Problem requirements —
Return exactly the lines of the data below, from the one that contains "பிரிட்டனில் உள்ள பிரிஸ்டல்" through the final line, and leave out every picture.

Records from a dataset:
%%

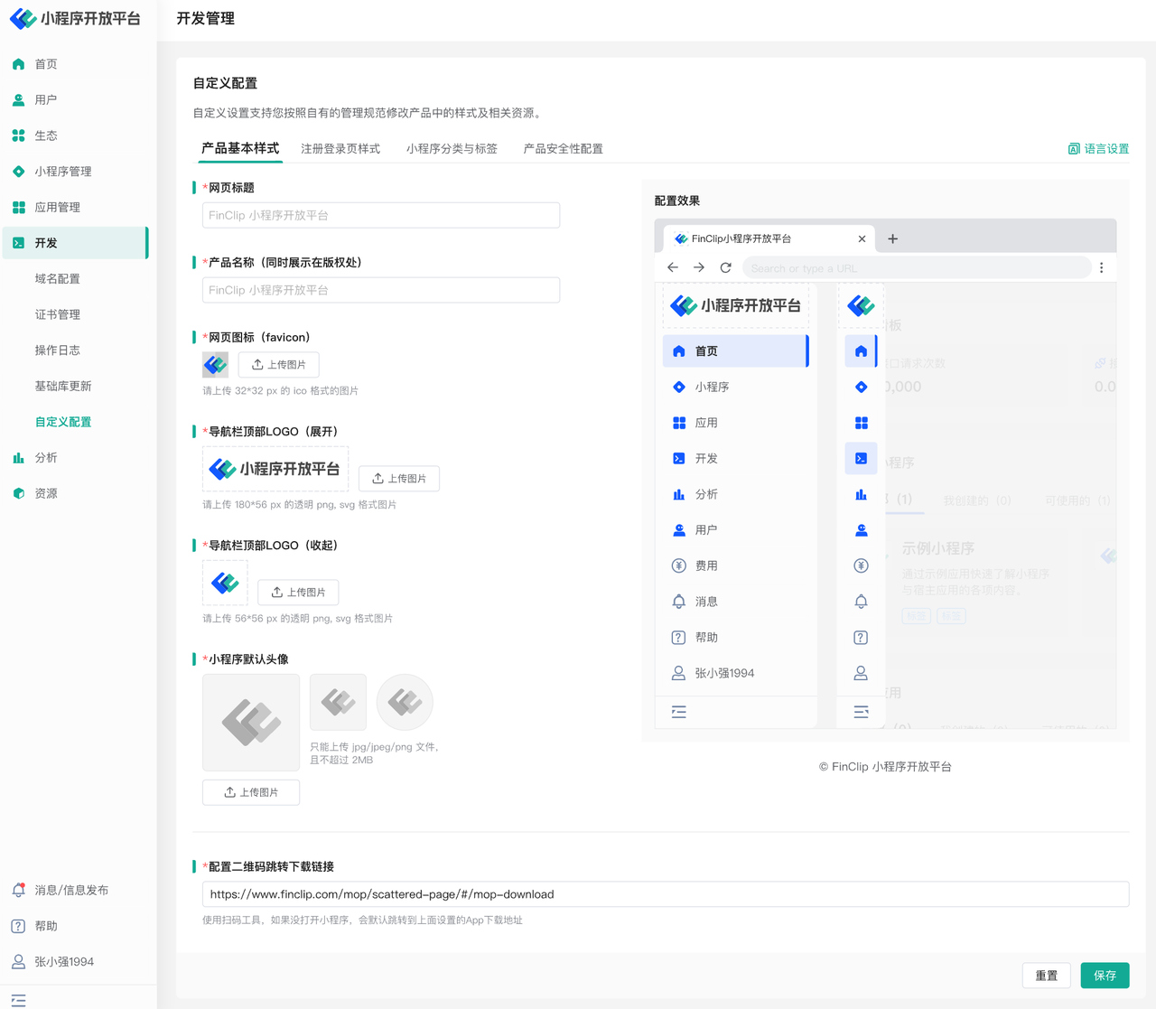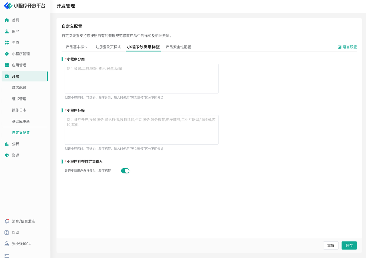 通过“开发-自定义配置”菜单即可进入自定义配置页面,页面中包括“产品基本样式”,“注册登录页样式”,“小程序分类与标签”及“产品安全性配置”四个选项卡。
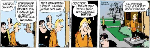 Zits Mario Latino Criada pelo cartunista Jim Borgman e pelo roteirista Jerry Scott, Zits é o que se pode chamar da última grande "daily strip" na tradição de Bringing up Father ou Blondie e conta o dia-a-dia de um casal de classe média na dura tarefa de criar e educar um adolescente rebelde e folgado, se é que isso é possível. A tira, que começou a ser publicada em 1997, hoje é distribuída para mais de 700 jornais. Boa parte desse sucesso deve ser creditado ao traço elegante de Borgman.
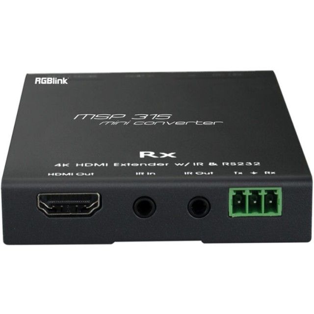 The RGBlink MSP 315-4 is a compact HDMI to HDBaseT extender set designed to transmit high-quality video and control signals over long distances. Supporting up to 4K30 video transmission, bidirectional control, and power over HDBaseT, it is an ideal solution for professional AV installations such as conference rooms, classrooms, and control centers.
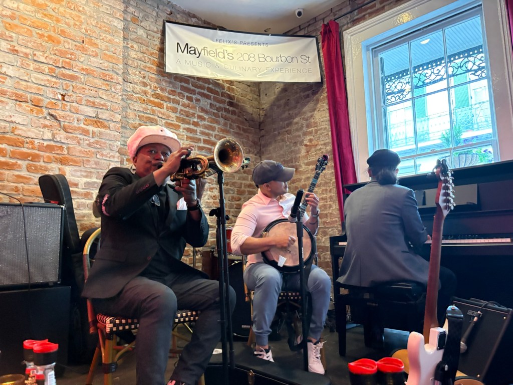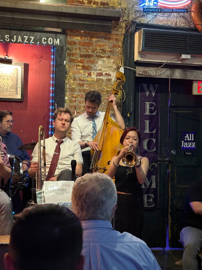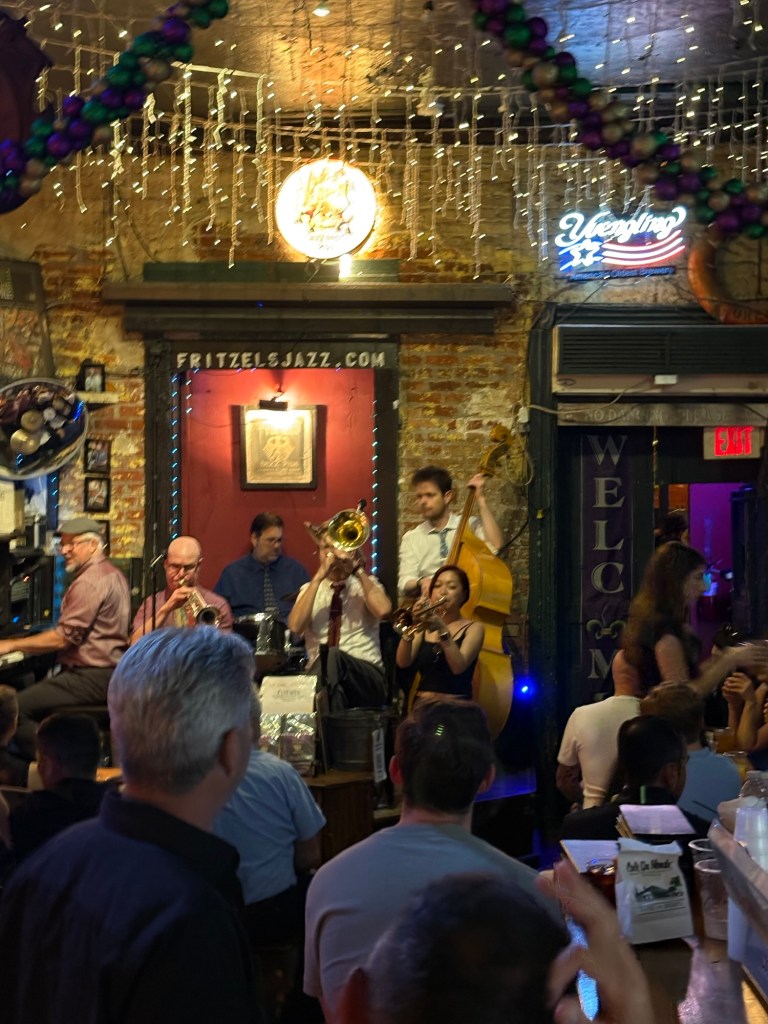We listened to as much live music as we could find. That meant hanging in the Quarter and on Frenchmen St, where we got to enjoy the legendary Kermitt Ruffins and Irvin Mayfield, at Felix’s; we saw Sweetie Pie at the Spotted Cat; and we wandered in and out of clubs and bars listening to such talented musicians and bands filling the days and nights with music and song.
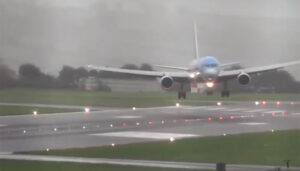 பிரிட்டனில் உள்ள பிரிஸ்டல் விமான நிலையத்திற்கு சமீபத்தில் போயிங் ரக விமானம் ஒன்று வந்தது. விமான நிலையத்தில் தரையிறங்கும்போது பலத்த காற்று வீசியது. காற்றின் வேகத்தை சமாளித்து விமானத்தை ஓடுபாதையில் நேராக தரையிறக்குவதில் சிக்கல் ஏற்பட்டது.
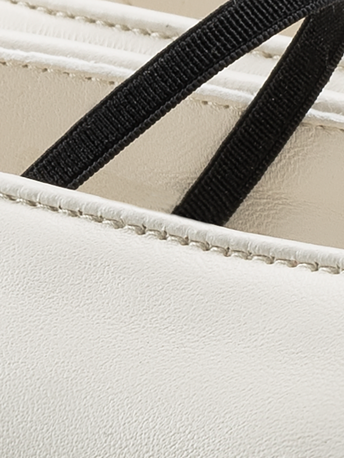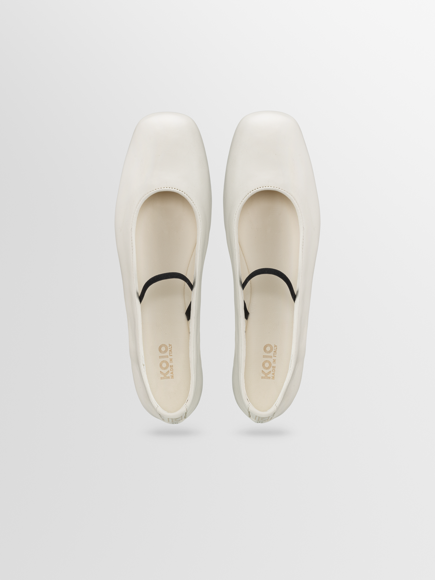 The Aurora is a modernized ballet flat with a soft square toe. It's handcrafted using full-grain Nappa leather. A thin elastic strap snugly hugs the shoe to your foot, ensuring a perfect fit. Its slim and chic appearance is an essential addition to your wardrobe.
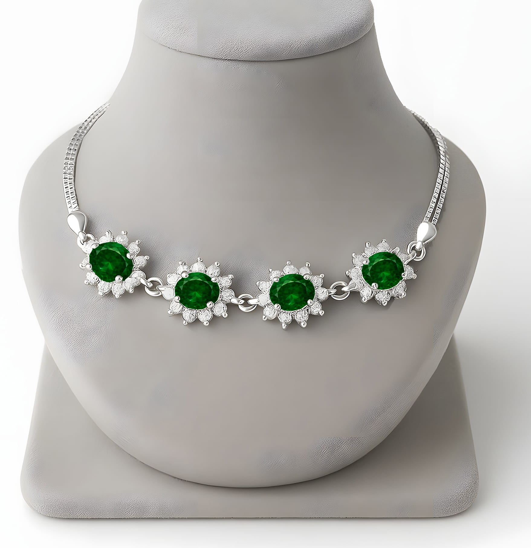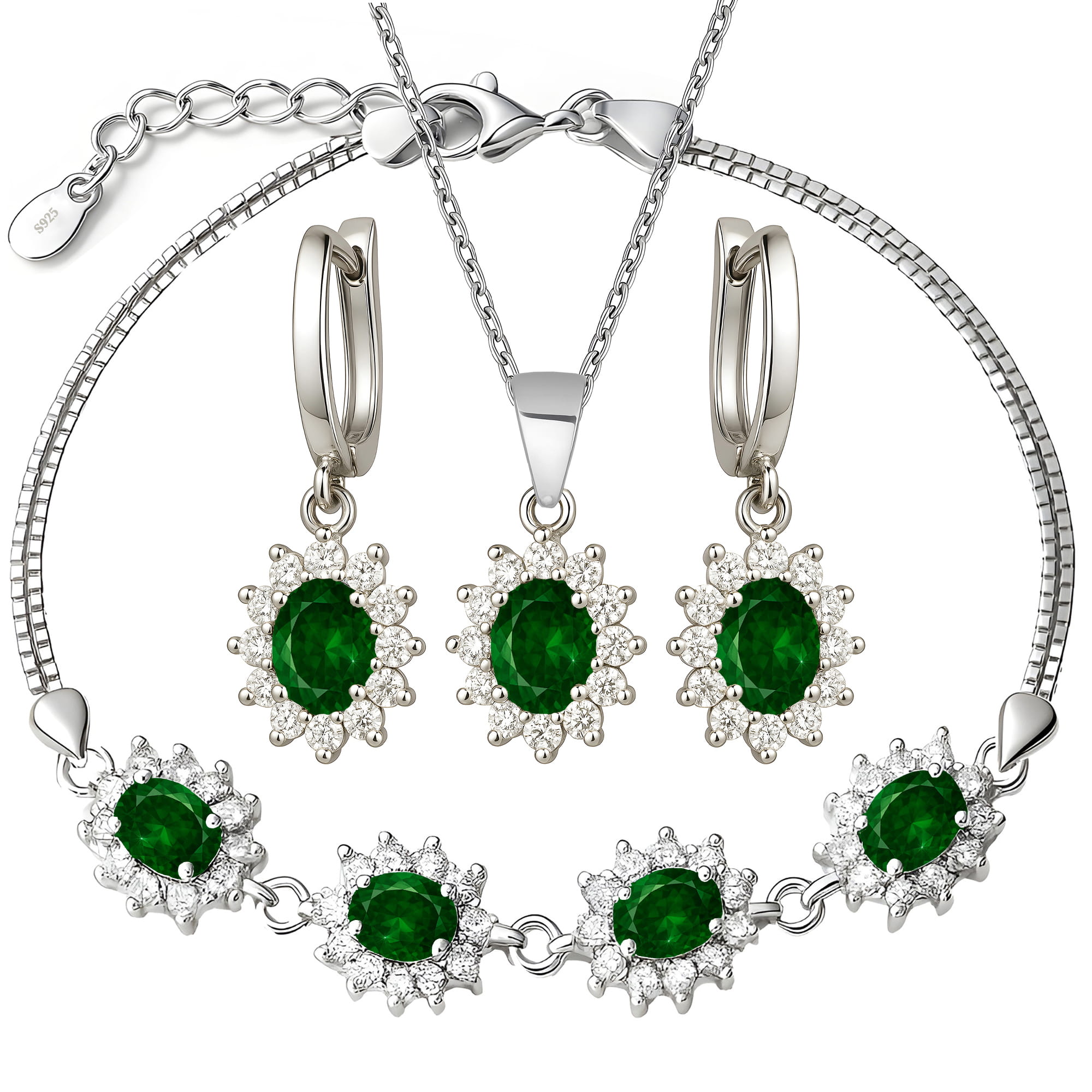 Srebrny komplet biżuterii z szmaragdowymi kryształami – kolczyki, naszyjnik i bransoletka
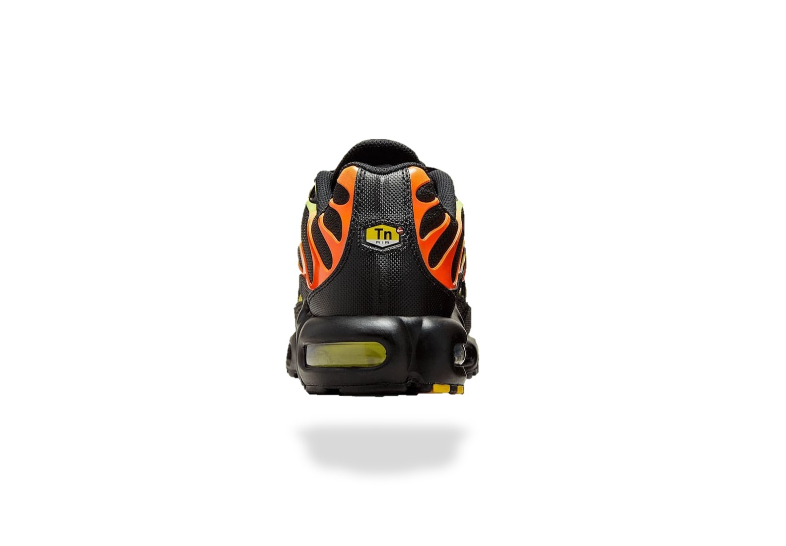 Sous le pied, les unités Tuned Air resplendissent avec une teinte volt éclatante. La midsole, quant à elle, joue la carte de la sobriété en noir, mais une fois retournée, la semelle extérieure révèle une explosion de couleurs avec des touches d’orange et de jaune qui font écho au thème incandescent de l’empeigne.
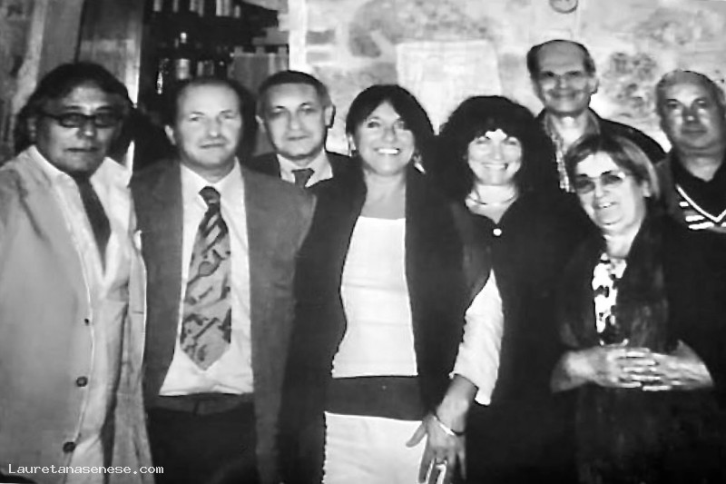 Tutti gli addetti alla locale filiale Monte Paschi fotografati durante la pausa pranzo, davanti al bar di Piero Moscatelli.
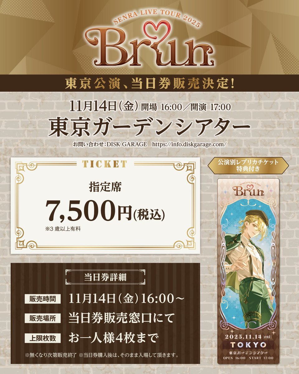 【センラワンマン東京公演当日券販売決定チョコ】 🍫SENRA LIVE TOUR 2025 -Brun-🍫 11/14(金)開場16:00/開演17:00 東京ガーデンシアター <当日券詳細> 販売時間:11/14(金)16:00~ 販売場所:当日券販売窓口にて 上限枚数:お一人様4枚まで pic.x.com/xHcIWTjZsA
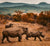 Tre neshorn krysser veien i en afrikansk nasjonalpark
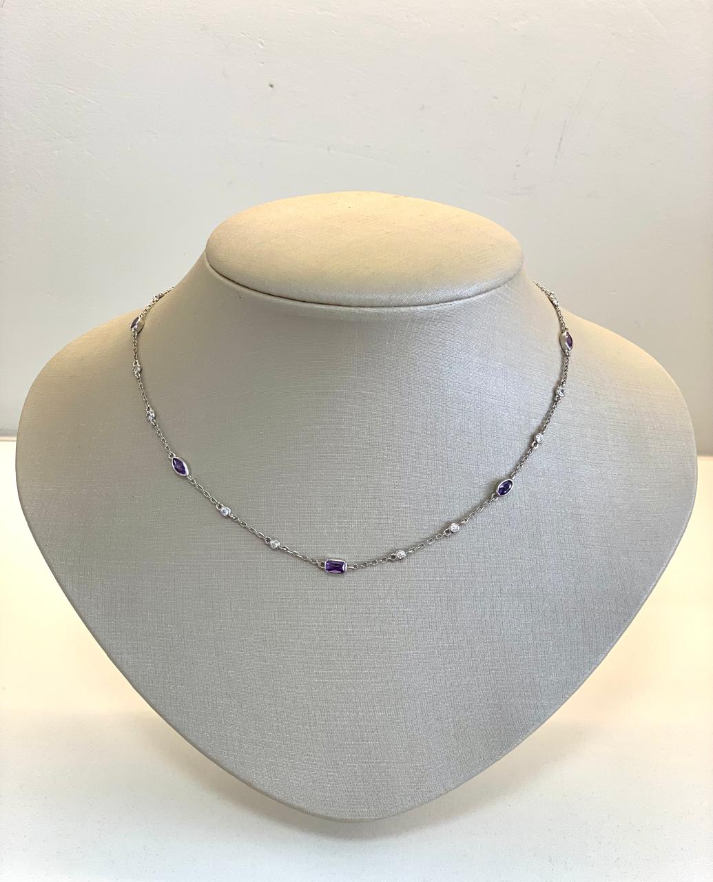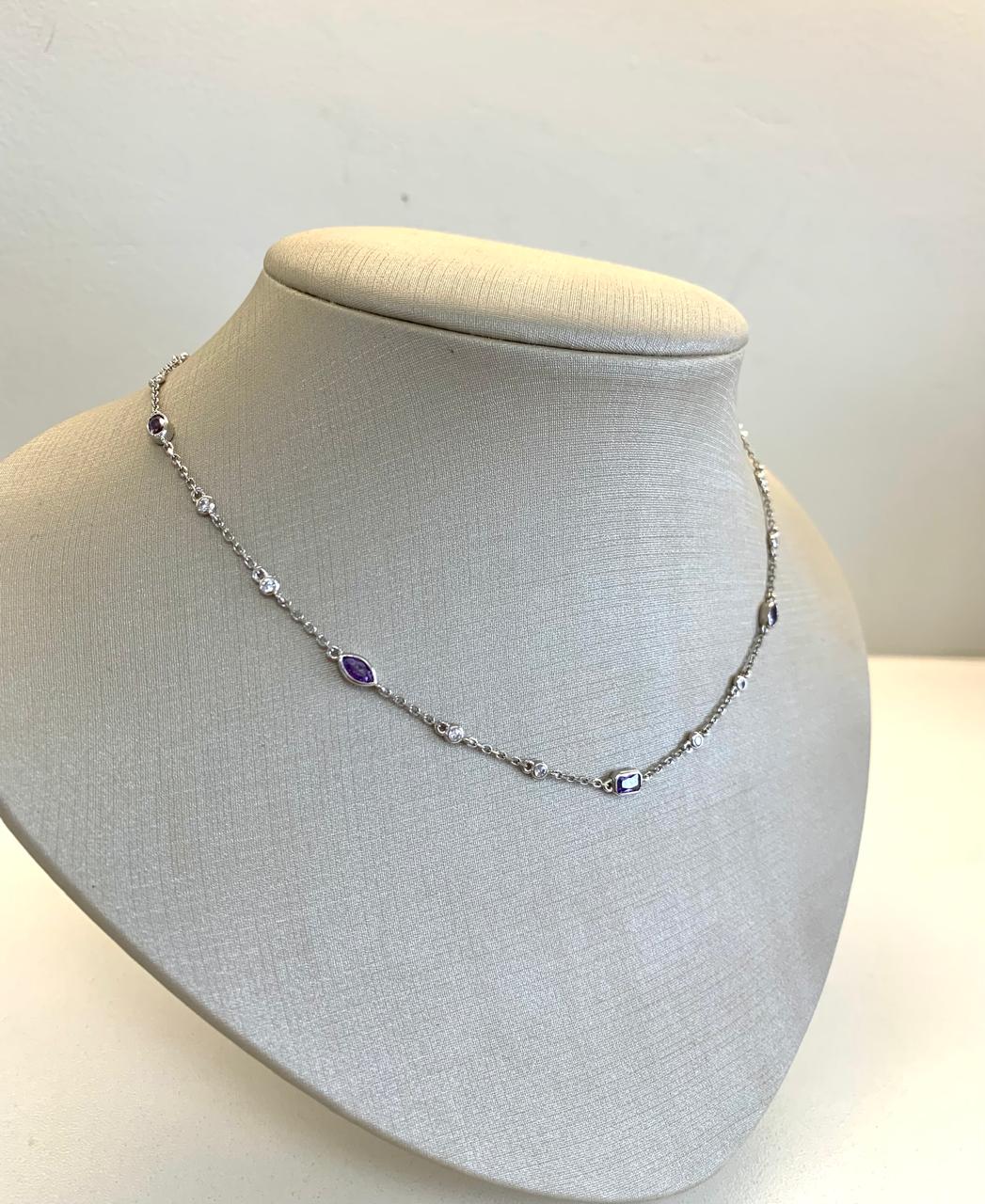 Colar de prata 925, com formas geométricas de tanzanita e pontos de luz.

%%

Response box —
 பிரிட்டனில் உள்ள பிரிஸ்டல் விமான நிலையத்திற்கு சமீபத்தில் போயிங் ரக விமானம் ஒன்று வந்தது. விமான நிலையத்தில் தரையிறங்கும்போது பலத்த காற்று வீசியது. காற்றின் வேகத்தை சமாளித்து விமானத்தை ஓடுபாதையில் நேராக தரையிறக்குவதில் சிக்கல் ஏற்பட்டது.
 The Aurora is a modernized ballet flat with a soft square toe. It's handcrafted using full-grain Nappa leather. A thin elastic strap snugly hugs the shoe to your foot, ensuring a perfect fit. Its slim and chic appearance is an essential addition to your wardrobe.
 Srebrny komplet biżuterii z szmaragdowymi kryształami – kolczyki, naszyjnik i bransoletka
 Sous le pied, les unités Tuned Air resplendissent avec une teinte volt éclatante. La midsole, quant à elle, joue la carte de la sobriété en noir, mais une fois retournée, la semelle extérieure révèle une explosion de couleurs avec des touches d’orange et de jaune qui font écho au thème incandescent de l’empeigne.
 Tutti gli addetti alla locale filiale Monte Paschi fotografati durante la pausa pranzo, davanti al bar di Piero Moscatelli.
 【センラワンマン東京公演当日券販売決定チョコ】 🍫SENRA LIVE TOUR 2025 -Brun-🍫 11/14(金)開場16:00/開演17:00 東京ガーデンシアター <当日券詳細> 販売時間:11/14(金)16:00~ 販売場所:当日券販売窓口にて 上限枚数:お一人様4枚まで pic.x.com/xHcIWTjZsA
 Tre neshorn krysser veien i en afrikansk nasjonalpark
 Colar de prata 925, com formas geométricas de tanzanita e pontos de luz.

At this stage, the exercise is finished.